-- ACTIVITY --
Using the listing below, copy exactly each line from the one that has "Kız Çocuk Fitilli" through the one that has "9. А на сковороду"; omit the pictures.

-- EXERCISE MATERIAL --
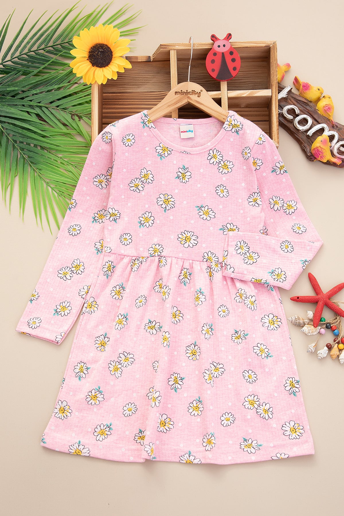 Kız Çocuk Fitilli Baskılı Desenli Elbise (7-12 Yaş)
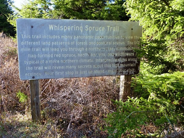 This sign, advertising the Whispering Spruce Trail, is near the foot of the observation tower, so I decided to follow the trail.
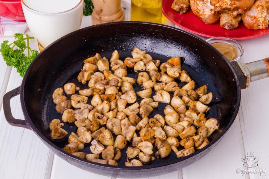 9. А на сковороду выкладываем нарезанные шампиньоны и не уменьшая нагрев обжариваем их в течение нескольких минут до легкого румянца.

--

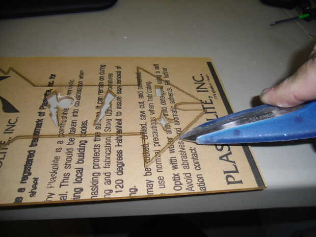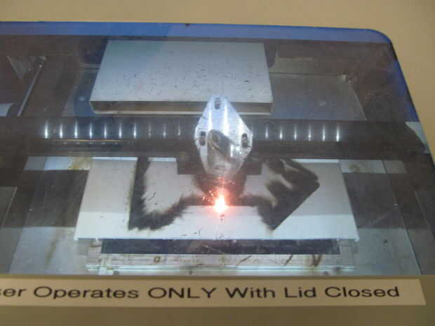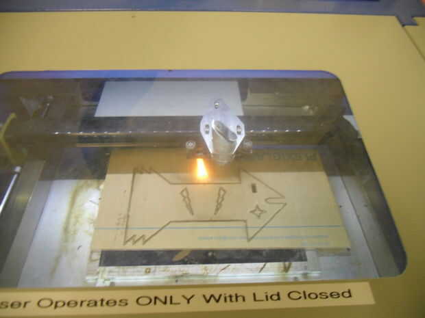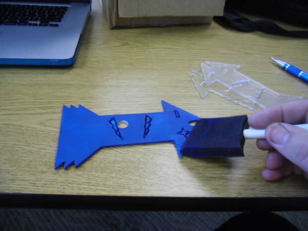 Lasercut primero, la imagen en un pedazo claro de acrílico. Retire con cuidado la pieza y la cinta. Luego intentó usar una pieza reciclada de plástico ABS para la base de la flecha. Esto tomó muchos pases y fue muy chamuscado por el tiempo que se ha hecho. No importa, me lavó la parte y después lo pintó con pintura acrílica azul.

--

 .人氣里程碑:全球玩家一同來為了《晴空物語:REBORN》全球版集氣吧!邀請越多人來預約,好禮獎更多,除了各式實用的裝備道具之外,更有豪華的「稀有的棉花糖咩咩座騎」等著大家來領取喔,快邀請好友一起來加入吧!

-- COMPLETED TASK --
 Kız Çocuk Fitilli Baskılı Desenli Elbise (7-12 Yaş)
 This sign, advertising the Whispering Spruce Trail, is near the foot of the observation tower, so I decided to follow the trail.
 9. А на сковороду выкладываем нарезанные шампиньоны и не уменьшая нагрев обжариваем их в течение нескольких минут до легкого румянца.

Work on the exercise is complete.